The need for foreign investment into Australian agriculture is one of the hot topics covered by the country’s media at the moment. Each week there seems to be another agri professional calling for capital; this week it was Cargill Australia’s managing director Phillippa Purser.
“We can have a nice debate about foreign investment here in Australia, but in the global context it isn’t a discussion about whether it is nice to have; we need it, we absolutely need it,” she said at an industry conference.

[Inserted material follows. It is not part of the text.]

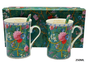 KOMPLET 2 KUBKÓW Z ŁYŻECZKAMI KWIATY 2X250ML
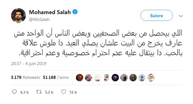 وغرد صلاح على حسابه في تويتر قائلا: "اللي بيحصل من بعض الصحفيين وبعض الناس أن الواحد مش عارف يخرج من البيت علشان يصلي العيد. دا ملوش علاقة بالحب. دا بيتقال عليه عدم احترام خصوصية وعدم احترافية".

Looking at various snapshots of data, it is clear why attracting foreign investment into Australia’s agriculture sector is so vital. The proportion of Australia’s national income attributed to the agriculture sector has fallen about 15 percent since 1959. Farming is also the oldest profession in Australia by far and the next generation will struggle to finance inherited farms and improve productivity.
“There is a huge need for foreign capital to increase productivity and production,” Andrew Sliper of Aquila Capital, the German real assets group, told me last week.

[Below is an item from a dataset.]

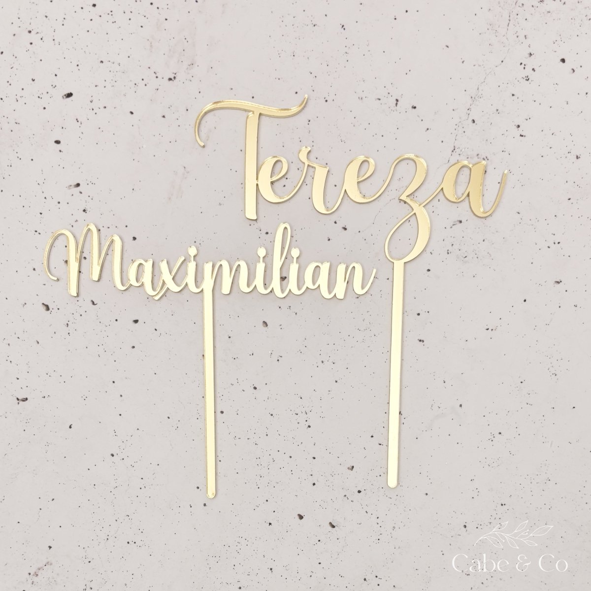 • Name Cake Topper - 14cm in width with 8-9cm stem & measuring 3mm thick.

Aquila’s Australian pastoral fund aims to fill this gap by buying distressed farms, improving them and operating them alongside the farmers that previously owned them; just one example of how foreign capital is being put to work in Australia. SLM Partner’s regenerative farming Livestock Fund is another.
But while much focus has been on the need for foreign investment, Australia’s institutional investors could do more to support this industry at home. Until now local super fund investment into the sector has been patchy by all accounts.
Insiders say this really boils down to the way the superannuation industry is organised — assessing performance on a quarterly basis. That’s something that has caused many of them to shun alternative investments generally.
“What is the point of looking at 30-year assets on a quarterly basis? It’s ridiculous,” Mike Smith, chief executive of ANZ Group, said at a recent conference. “But they all do it so they are almost corralled into just the equity market because that’s where they will get their return [on that basis] or the bond market.”
Australian super funds by our count have more than $789 billion in assets under management. Were they to change the way they assess investments, investing in long-term illiquid assets would become more palatable.
Another solution might be initiating a public-private partnership to invest into the sector – such as Denmark has been doing (albeit overseas). Denmark’s AP Pension has a scheme that targets young farmers, buying their land and leasing it back to them over a 10-year period but with the option to build equity in the property and participate in its value during that time. The only limit for AP Pension is the availability of enough land to hold a meaningful portfolio. But this is unlikely to be a concern in Australia!
Make no mistake: foreign investment is certainly needed to help reverse the sector’s poor performance in recent years, but there ought to be more effort to direct domestic capital into Australia’s agri sectors, too. After all, if investing wisely in Australian agri can produce attractive, stable returns over long periods and strengthen local and national businesses to boot, it should be a win-win for the country’s domestic institutional investors.